The main changes to the AKC Trick Dog titles are summarized in the title chart. Basically, there are: 

No changes to the NOVICE level.
No changes to the INTERMEDIATE level.
ADVANCED – as of June 1, 2018, must do 10 tricks instead of 5.
PERFORMER
Story is still an option. 
Tricks must come from Intermediate, Advanced, or Performer. 
At least 3 tricks must be from Performer.
Props must be used for at least 3 of the tricks. 
Agility and Obedience equipment can no longer be used at Performer (or Elite Performer levels) [see chart]. 

ELITE PERFORMER- NEW! 
MUST have a story/script. 
10 tricks from Advanced or Performer. 
At least 5 tricks must be from Performer.
 At least 5 tricks must use props.
VIDEO LINK SENT TO AKC for judging/approval.


----------



## scooterscout99 (Dec 3, 2015)

I take this as an indication of the program’s popularity!


----------



## lily cd re (Jul 23, 2012)

scooterscout99 said:


> I take this as an indication of the program’s popularity!



Yes I think it is a hit. Since CGC evaluators are the tricks testers and you can use a CGC as a stand in for five of ten novice tricks it ties together well with the CGC program those programs give people exposure to the various things one can do with your dog (tricks replaces a program called do more with your dog). I would guess AKC hopes people will get hooked into performance sports through these introductions. After all one can look at rally as a series of tricks connected by a few steps of heeling.


----------



## Click-N-Treat (Nov 9, 2015)

I can't find anyone to score Noelle's TKI. I asked a bunch of CGC evaluators but none of them have gotten back to me. I'm kind of stuck. Any ideas?


----------



## lily cd re (Jul 23, 2012)

Click-N-Treat said:


> I can't find anyone to score Noelle's TKI. I asked a bunch of CGC evaluators but none of them have gotten back to me. I'm kind of stuck. Any ideas?



Wow that is strange CGC evaluators can also do trick dog novice, intermediate, advanced and performer levels. For Elite Performer you have to send a video to AKC.

Can you reach out to the person who tested you for CGC and TKN? Maybe that person with a little prompting will remember you and be able to meet you somewhere to do the test. You could offer a small gift of appreciation like a gift card to a pet store.


----------



## Skylar (Jul 29, 2016)

I wondered why Advanced only needed 5 tricks - in some respects Advanced was easier than Intermediate. I'm glad to see you now need 10 tricks - makes more sense.

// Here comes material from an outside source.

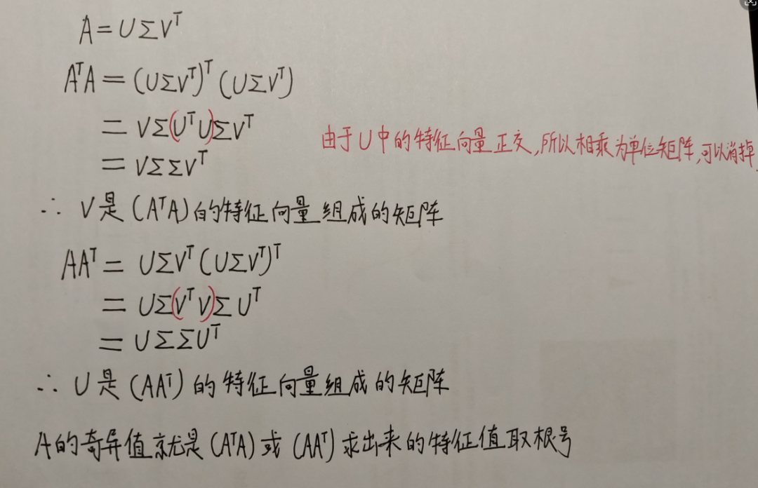 还是按照特征值求解的思路,现在的矩阵 A 不是方阵,如果将其乘以自己的转置矩阵就变成了方阵, 是方阵就可以求其特征值和特征向量。

I'm not sure if I'll train to earn the elite title for Babykins. There doesn't seem to be any interest in my area for tricks.


----------



## Click-N-Treat (Nov 9, 2015)

I just found a trick dog class that meets on Tuesdays. We're signing up! I just emailed the woman who runs the dog training school. Noelle will enroll in beginners and that should take her through TKI and half of TKA. Then we go on to advanced class. Tricks are so much fun to train.


----------



## lily cd re (Jul 23, 2012)

Skylar we have a fair amount of interest in tricks on Long Island, mostly among the performance folks though. I think that makes sense since many of us have dogs who already know lots of tricks or know how to do things that can be modified to fit the title lists. And yeah none of us could quite understand why they only required five trick for advanced either.

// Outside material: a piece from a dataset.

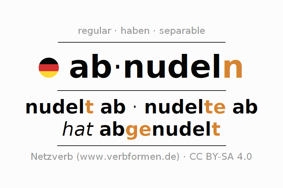 The conjugation of abnudeln (fray, perform blandly) in the present tense is: ich nud(e)le ab, du nudelst ab, er nudelt ab, wir nudeln ab, ihr nudelt ab, sie nudeln ab. For this purpose, the endings -e, -st, -t, -n, -t, -n are appended to the stem nudel. The endings in the 1st and 3rd person plural are shortened by "e", since the verb ends with -eln.In addition, the "e" in the stem can be omitted in the 1st person singular. The prefix ab- of abnudeln is separated.The formation of the forms corresponds to the grammatical rules for the conjugation of the verbs in the present tense. Comments ☆

Click I am glad you found a place to go where you can do those classes and get the tests!


----------



## scooterscout99 (Dec 3, 2015)

My agility training group worked on this together, practicing for a few weeks and then inviting a CGC evaluator for the tests. Honestly, we mostly were interested in more titles for an already experienced group of dogs. The most beneficial aspect for me is a cadre of new tricks to use for engaging my dog while training agility. We learned the leg weave and use it often. Without the trick dog titles I wouldn’t have been as motivated. Some of us are interested in going further, trying rally free or even freestyle.


----------



## lily cd re (Jul 23, 2012)

scooterscout, the elite performer category sounds like it is the foundations for freestyle since there has to be a routine with props (not obedience or agility equipment) and a story being told. As I noted lots of the performance people have put trick titles on their dogs, some because they just like new titles and some to have that back pocket full of tricks to use in support of training their other sports and some for both reasons.


----------